## Work request
Print the material below exactly as it stands, please, from its first line to the line holding "Verifica minuciosamente que", with no pictures.

## Data for the task
↓↓↓
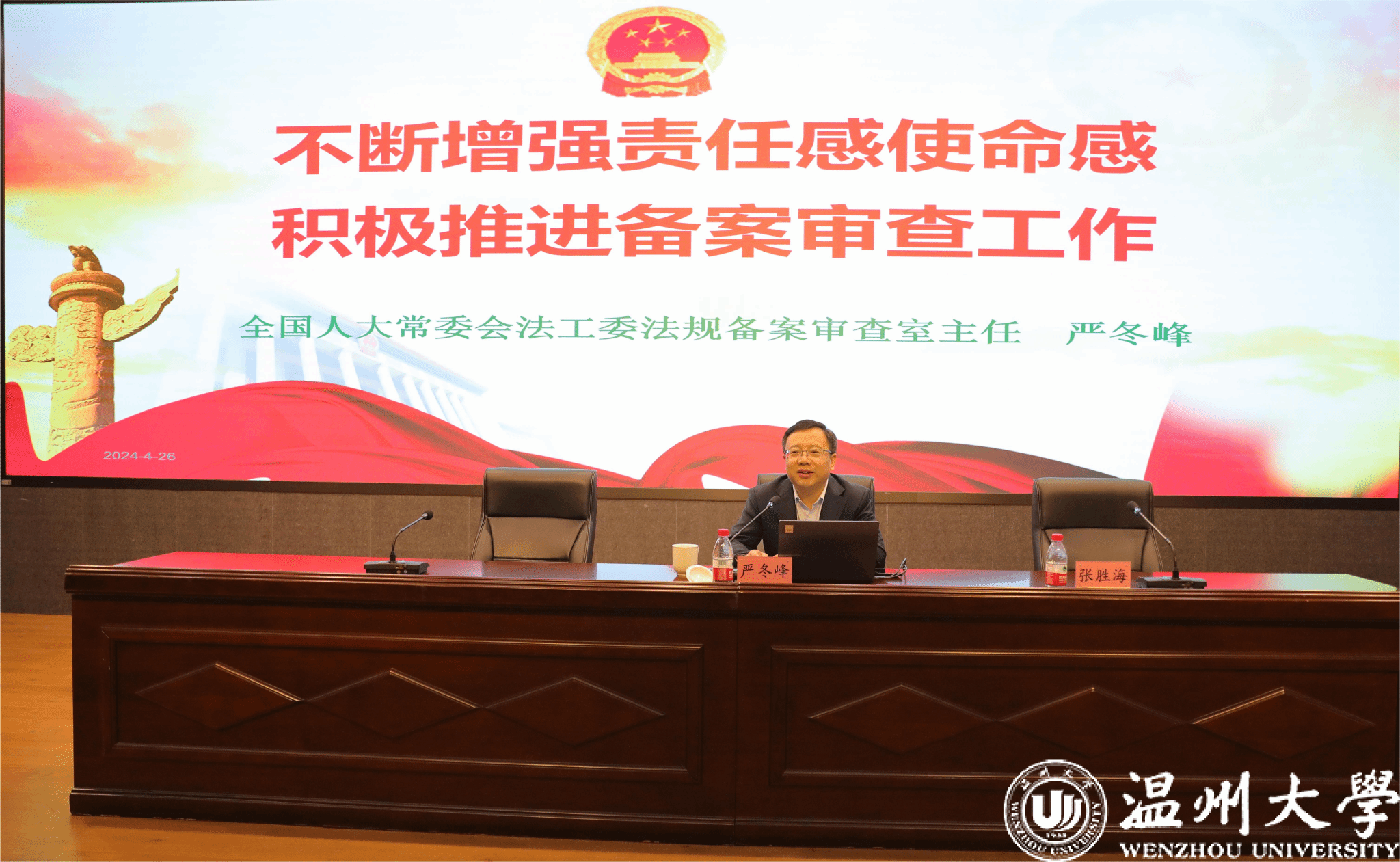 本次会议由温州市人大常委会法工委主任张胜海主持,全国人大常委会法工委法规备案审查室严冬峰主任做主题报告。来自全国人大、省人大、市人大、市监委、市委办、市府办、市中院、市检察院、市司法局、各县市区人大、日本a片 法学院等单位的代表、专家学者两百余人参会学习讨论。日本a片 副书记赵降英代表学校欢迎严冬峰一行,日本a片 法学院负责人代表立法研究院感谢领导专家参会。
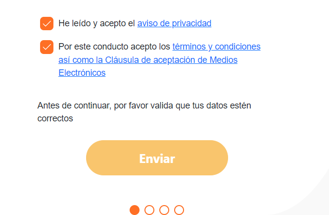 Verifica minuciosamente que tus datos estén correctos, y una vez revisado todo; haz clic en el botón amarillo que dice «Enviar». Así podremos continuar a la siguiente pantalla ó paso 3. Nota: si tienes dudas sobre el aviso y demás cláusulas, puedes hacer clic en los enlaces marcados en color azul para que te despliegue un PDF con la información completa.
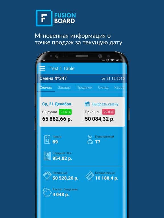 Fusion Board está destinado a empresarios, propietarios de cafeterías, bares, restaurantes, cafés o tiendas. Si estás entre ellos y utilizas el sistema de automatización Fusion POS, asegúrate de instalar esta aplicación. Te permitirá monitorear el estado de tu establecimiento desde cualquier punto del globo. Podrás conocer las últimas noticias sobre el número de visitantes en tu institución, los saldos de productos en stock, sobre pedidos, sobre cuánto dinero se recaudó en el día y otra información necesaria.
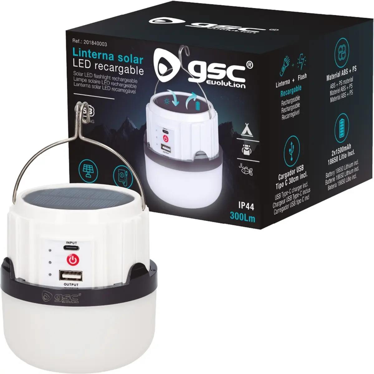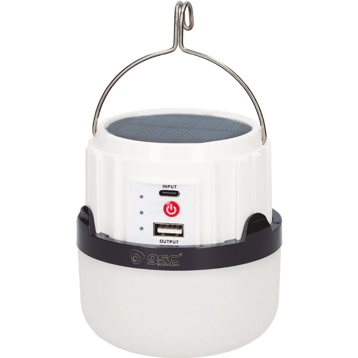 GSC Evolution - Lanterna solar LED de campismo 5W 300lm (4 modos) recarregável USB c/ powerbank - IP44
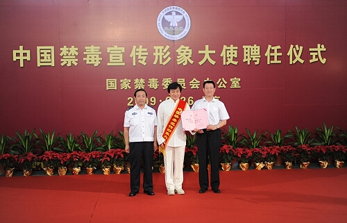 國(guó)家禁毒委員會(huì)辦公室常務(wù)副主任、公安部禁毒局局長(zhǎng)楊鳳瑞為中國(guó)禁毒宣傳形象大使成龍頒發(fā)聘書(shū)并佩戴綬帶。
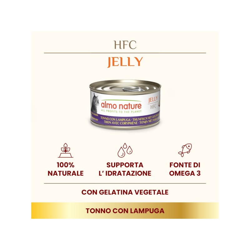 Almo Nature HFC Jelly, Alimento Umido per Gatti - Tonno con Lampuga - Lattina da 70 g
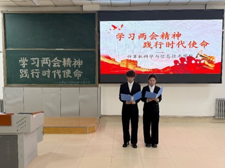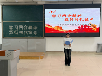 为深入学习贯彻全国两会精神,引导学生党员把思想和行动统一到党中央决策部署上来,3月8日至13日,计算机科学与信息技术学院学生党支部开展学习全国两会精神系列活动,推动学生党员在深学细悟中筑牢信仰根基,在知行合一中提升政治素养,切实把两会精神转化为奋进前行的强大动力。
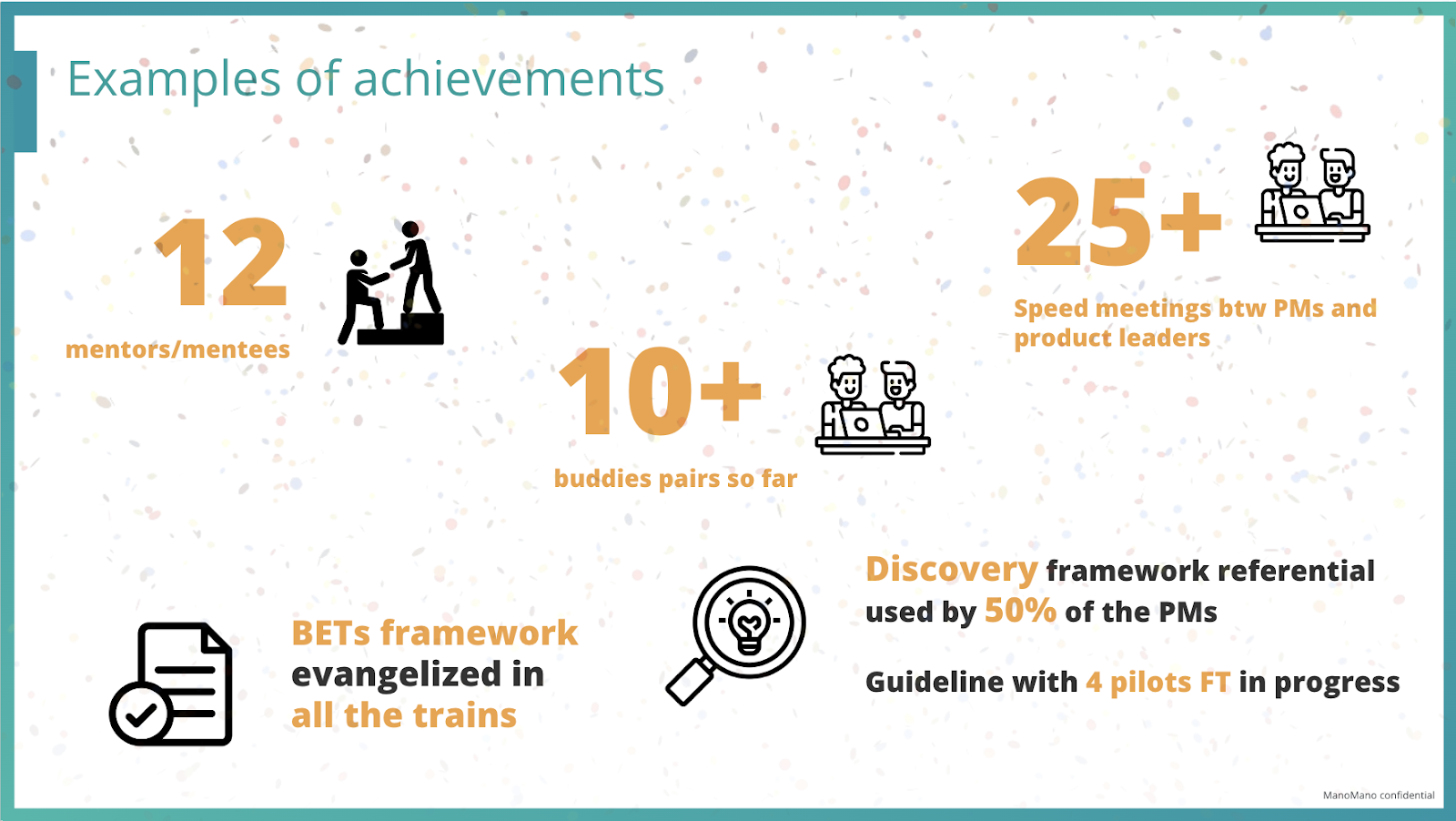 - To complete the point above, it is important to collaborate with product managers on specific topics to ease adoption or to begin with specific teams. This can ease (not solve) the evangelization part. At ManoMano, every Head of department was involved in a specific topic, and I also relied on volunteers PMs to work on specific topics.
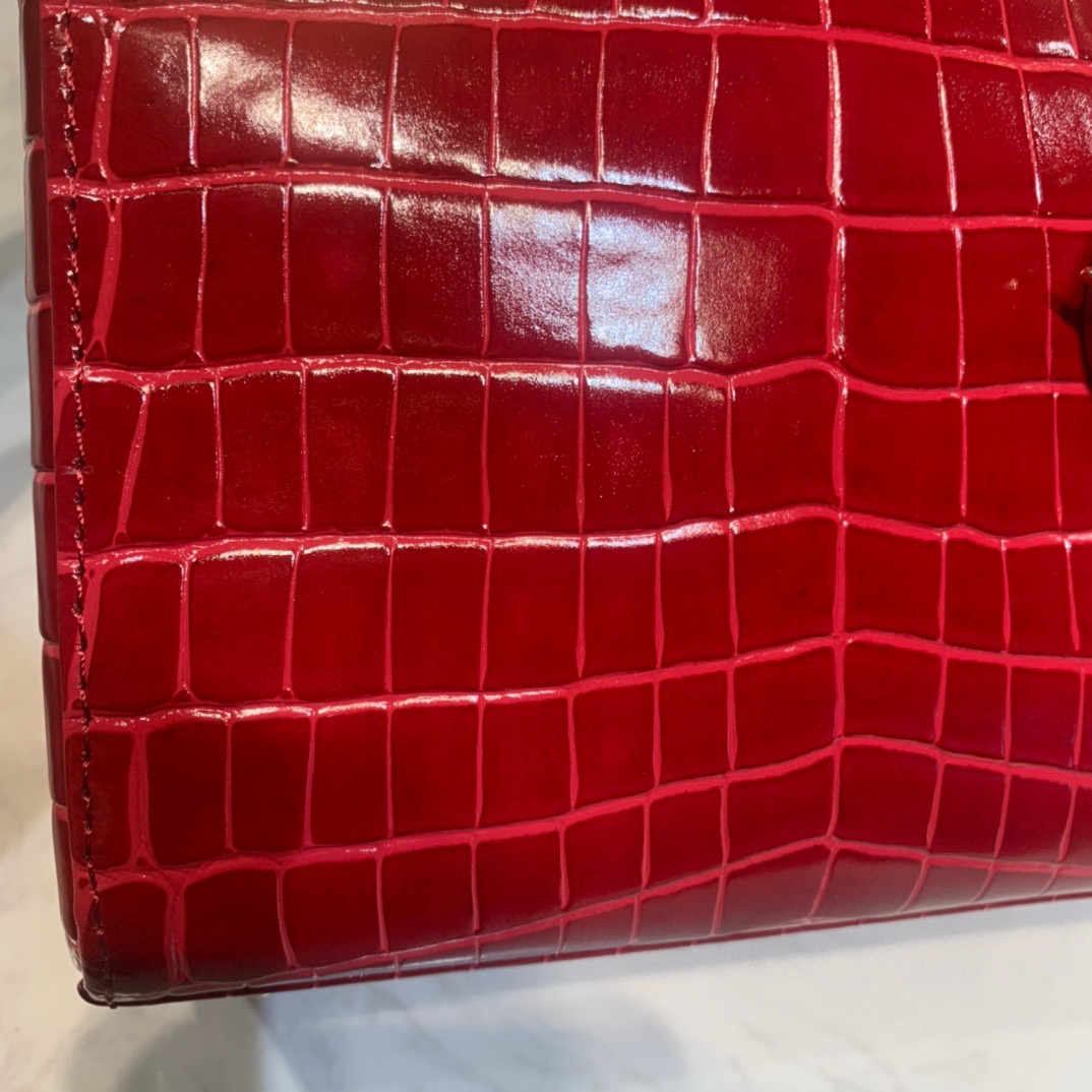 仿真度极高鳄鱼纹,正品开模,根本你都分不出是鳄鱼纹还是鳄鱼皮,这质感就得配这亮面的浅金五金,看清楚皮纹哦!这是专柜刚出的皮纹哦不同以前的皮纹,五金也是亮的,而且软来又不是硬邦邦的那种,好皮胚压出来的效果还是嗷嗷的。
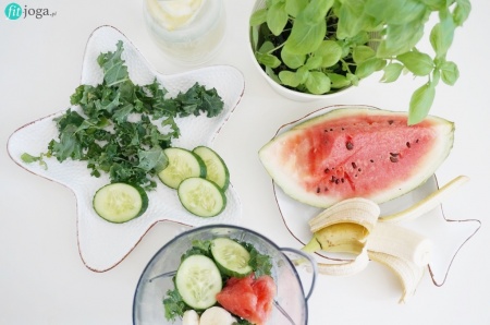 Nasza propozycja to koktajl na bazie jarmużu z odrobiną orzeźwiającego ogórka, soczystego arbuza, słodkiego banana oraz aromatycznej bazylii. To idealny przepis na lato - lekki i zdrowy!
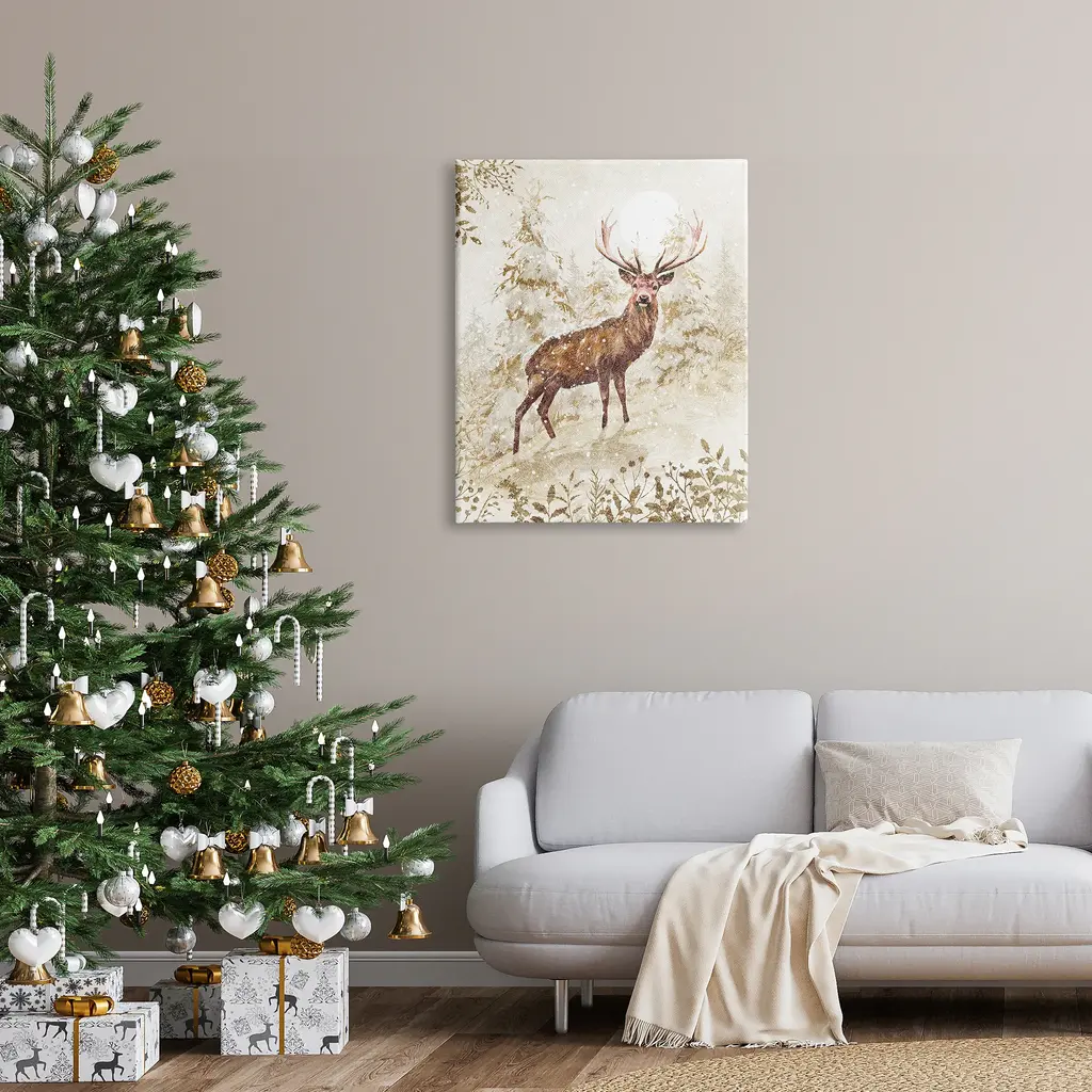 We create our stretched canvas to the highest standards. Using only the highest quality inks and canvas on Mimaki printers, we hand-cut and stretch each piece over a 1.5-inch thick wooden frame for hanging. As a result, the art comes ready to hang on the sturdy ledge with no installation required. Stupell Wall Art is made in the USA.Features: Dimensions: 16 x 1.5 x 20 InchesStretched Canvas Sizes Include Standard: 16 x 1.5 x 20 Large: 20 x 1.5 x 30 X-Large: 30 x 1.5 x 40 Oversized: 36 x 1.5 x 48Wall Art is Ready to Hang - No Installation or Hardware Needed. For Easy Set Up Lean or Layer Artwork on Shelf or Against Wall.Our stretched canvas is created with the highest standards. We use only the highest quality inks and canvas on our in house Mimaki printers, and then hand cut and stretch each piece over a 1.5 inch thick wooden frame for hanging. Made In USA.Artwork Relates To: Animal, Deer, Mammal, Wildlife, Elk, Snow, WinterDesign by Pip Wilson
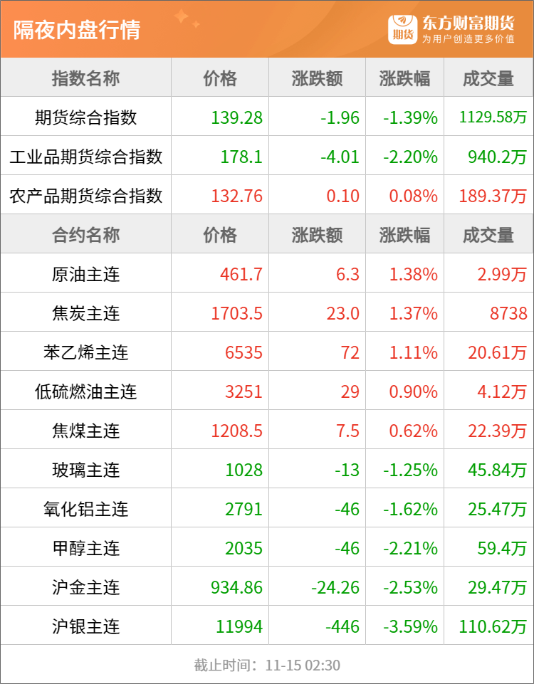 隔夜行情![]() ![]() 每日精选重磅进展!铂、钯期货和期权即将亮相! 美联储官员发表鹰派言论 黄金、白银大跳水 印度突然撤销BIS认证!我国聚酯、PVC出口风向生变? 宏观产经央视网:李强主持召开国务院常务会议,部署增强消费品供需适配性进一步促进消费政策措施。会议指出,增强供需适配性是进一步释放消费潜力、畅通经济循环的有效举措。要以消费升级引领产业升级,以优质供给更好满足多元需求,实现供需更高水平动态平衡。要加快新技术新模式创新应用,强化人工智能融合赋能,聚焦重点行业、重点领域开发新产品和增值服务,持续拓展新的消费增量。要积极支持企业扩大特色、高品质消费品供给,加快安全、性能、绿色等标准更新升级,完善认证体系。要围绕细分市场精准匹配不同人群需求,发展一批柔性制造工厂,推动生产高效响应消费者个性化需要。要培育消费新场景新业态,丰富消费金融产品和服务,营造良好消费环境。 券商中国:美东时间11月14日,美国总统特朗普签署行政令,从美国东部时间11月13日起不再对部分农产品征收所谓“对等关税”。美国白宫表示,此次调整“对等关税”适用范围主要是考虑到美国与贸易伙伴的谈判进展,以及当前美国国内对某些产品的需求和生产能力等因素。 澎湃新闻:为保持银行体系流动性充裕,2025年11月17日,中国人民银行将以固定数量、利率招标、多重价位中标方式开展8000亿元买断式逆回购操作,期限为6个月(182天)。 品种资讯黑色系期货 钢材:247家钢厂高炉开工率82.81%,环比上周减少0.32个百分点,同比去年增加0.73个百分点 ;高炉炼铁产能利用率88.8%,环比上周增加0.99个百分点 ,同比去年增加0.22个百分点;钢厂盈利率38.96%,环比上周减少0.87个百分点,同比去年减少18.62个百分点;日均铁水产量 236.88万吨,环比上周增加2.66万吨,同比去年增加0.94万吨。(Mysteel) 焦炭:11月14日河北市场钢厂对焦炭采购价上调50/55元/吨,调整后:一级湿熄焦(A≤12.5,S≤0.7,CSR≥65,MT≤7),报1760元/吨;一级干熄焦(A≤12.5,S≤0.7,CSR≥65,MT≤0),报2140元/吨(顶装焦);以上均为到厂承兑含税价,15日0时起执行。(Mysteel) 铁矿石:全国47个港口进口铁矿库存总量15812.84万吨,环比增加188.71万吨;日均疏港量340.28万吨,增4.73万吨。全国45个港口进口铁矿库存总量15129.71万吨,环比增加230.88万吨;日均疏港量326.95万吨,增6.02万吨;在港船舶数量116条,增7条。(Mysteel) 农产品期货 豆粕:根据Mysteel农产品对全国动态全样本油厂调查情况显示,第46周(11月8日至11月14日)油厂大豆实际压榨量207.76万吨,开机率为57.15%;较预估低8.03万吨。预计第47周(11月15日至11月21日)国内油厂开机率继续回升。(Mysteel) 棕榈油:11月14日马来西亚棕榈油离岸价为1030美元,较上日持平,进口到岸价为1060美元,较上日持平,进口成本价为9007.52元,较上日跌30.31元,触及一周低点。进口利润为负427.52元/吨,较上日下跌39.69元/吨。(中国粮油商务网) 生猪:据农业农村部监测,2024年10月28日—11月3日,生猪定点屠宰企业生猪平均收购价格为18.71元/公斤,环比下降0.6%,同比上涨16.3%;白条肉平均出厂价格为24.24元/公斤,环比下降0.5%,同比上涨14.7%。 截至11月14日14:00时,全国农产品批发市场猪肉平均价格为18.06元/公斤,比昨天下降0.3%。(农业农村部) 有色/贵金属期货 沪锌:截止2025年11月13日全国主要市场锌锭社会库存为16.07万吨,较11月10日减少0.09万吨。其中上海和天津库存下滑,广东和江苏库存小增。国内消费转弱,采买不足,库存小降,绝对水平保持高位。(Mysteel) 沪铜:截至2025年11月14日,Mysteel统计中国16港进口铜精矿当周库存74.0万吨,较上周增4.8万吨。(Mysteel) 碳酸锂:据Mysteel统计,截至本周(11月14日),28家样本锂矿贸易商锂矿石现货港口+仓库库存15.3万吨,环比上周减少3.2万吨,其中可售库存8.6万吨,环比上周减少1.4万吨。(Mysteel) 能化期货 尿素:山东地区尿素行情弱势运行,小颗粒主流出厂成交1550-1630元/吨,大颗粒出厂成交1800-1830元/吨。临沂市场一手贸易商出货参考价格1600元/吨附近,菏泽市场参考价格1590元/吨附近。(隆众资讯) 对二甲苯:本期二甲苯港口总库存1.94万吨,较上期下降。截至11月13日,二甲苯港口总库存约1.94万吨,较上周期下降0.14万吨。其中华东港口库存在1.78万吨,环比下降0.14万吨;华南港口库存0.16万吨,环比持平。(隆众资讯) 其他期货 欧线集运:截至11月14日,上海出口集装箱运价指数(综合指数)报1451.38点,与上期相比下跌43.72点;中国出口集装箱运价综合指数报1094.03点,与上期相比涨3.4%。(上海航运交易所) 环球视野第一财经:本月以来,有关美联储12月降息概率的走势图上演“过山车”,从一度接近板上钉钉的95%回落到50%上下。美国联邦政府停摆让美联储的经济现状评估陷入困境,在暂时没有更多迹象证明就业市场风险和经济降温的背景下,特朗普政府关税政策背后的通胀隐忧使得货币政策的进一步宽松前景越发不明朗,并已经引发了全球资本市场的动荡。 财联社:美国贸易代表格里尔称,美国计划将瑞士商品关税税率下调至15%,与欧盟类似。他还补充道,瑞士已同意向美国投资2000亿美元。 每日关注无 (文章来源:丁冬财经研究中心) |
↑↑↑
## Exercise result
 本次会议由温州市人大常委会法工委主任张胜海主持,全国人大常委会法工委法规备案审查室严冬峰主任做主题报告。来自全国人大、省人大、市人大、市监委、市委办、市府办、市中院、市检察院、市司法局、各县市区人大、日本a片 法学院等单位的代表、专家学者两百余人参会学习讨论。日本a片 副书记赵降英代表学校欢迎严冬峰一行,日本a片 法学院负责人代表立法研究院感谢领导专家参会。
 Verifica minuciosamente que tus datos estén correctos, y una vez revisado todo; haz clic en el botón amarillo que dice «Enviar». Así podremos continuar a la siguiente pantalla ó paso 3. Nota: si tienes dudas sobre el aviso y demás cláusulas, puedes hacer clic en los enlaces marcados en color azul para que te despliegue un PDF con la información completa.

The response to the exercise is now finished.